Analyst Hype in IPOs: Explaining the Popularity of Bookbuilding

François Degeorge
Swiss Finance Institute, University of Lugano

François Derrien
University of Toronto

Kent L. Womack
Tuck School of Business

Address correspondence to Tuck School of Business, Dartmouth College, 100 Tuck Hall, Hanover, NH 03755, or e-mail: Kent.L.Womack{at}dartmouth.edu

JEL: G24, G32


   Abstract

The bookbuilding IPO procedure has captured significant market share from auction alternatives recently, despite the significantly lower costs related to the auction mechanism. In France, where both mechanisms were used in the 1990s, the ostensible advantages of bookbuilding were advertising-related benefits. Book-built issues were more likely to be followed and positively recommended by lead underwriters. Even nonunderwriters' analysts promote book-built issues more in order to curry favor with the IPO underwriter for allocations of future deals. Yet we do not observe valuation or post-IPO return differentials that suggest these types of promotion have any value to the issuing firm.
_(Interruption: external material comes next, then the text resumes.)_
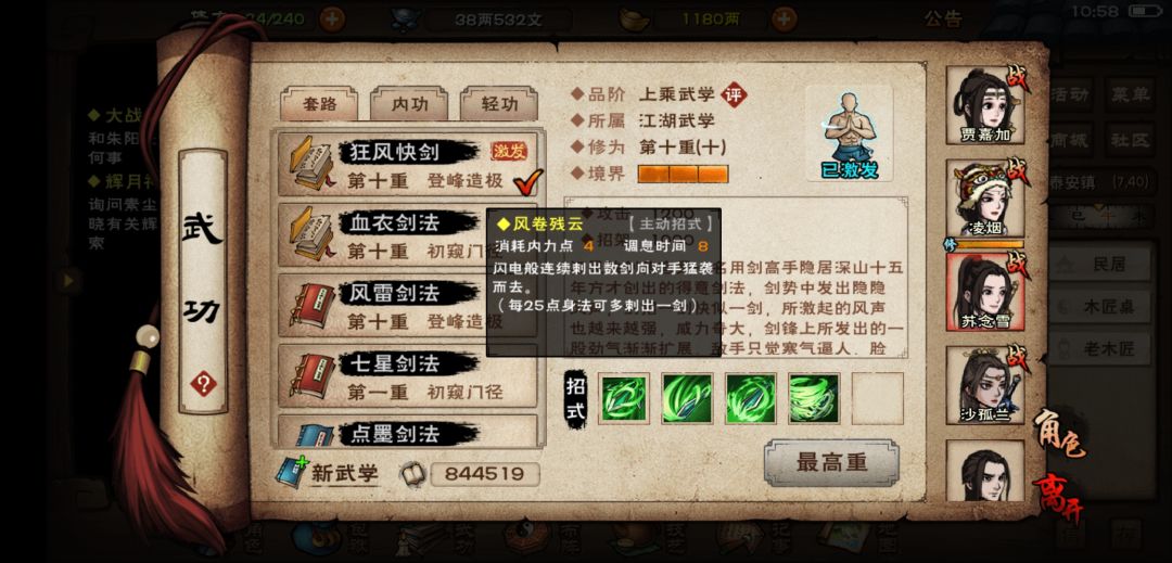 身法:每25身法多一剑,225身法最多10剑。这个一般都知道,还有就是速度越快狂风4技能有伤害加成。

This paper was previously titled "Quid Pro Quo in IPOs: Why Book-building is Dominating Auctions." We thank Larry Ausubel, Dan Bradley, Clay Corbus, Edith Ginglinger, David Goldreich, Jacques Hamon, Bruno Husson, Bertrand Jacquillat, Aditya Kaul, Julien Le Maux, Alexander Ljungqvist, Eric Nowak, Jay Ritter, Jörg Rocholl, Ioanid Rosu, Ann Sherman, Andrei Shleifer, Jeremy Stein, Luigi Zingales, seminar participants at Université Paris Dauphine, the University of Alberta, the University of Calgary, and the University of Lausanne, and conference participants at the third EVI Conference at the Tuck School, the third EuroConference on Auctions and Market Design, the NCCR Finrisk Research Day, the third RICAFE Conference, the French Finance Association, and the American Finance Association for helpful comments. Part of this research has been carried out within the project on Corporate Finance of the National Centre of Competence in Research "Financial Valuation and Risk Management" (NCCR FINRISK). The NCCR FINRISK is a research program supported by the Swiss National Science Foundation. Degeorge and Derrien also acknowledge support from the RICAFE program (HPSE-CT-2002-00140). Jens Martin and Sébastien Michenaud provided able research assistance.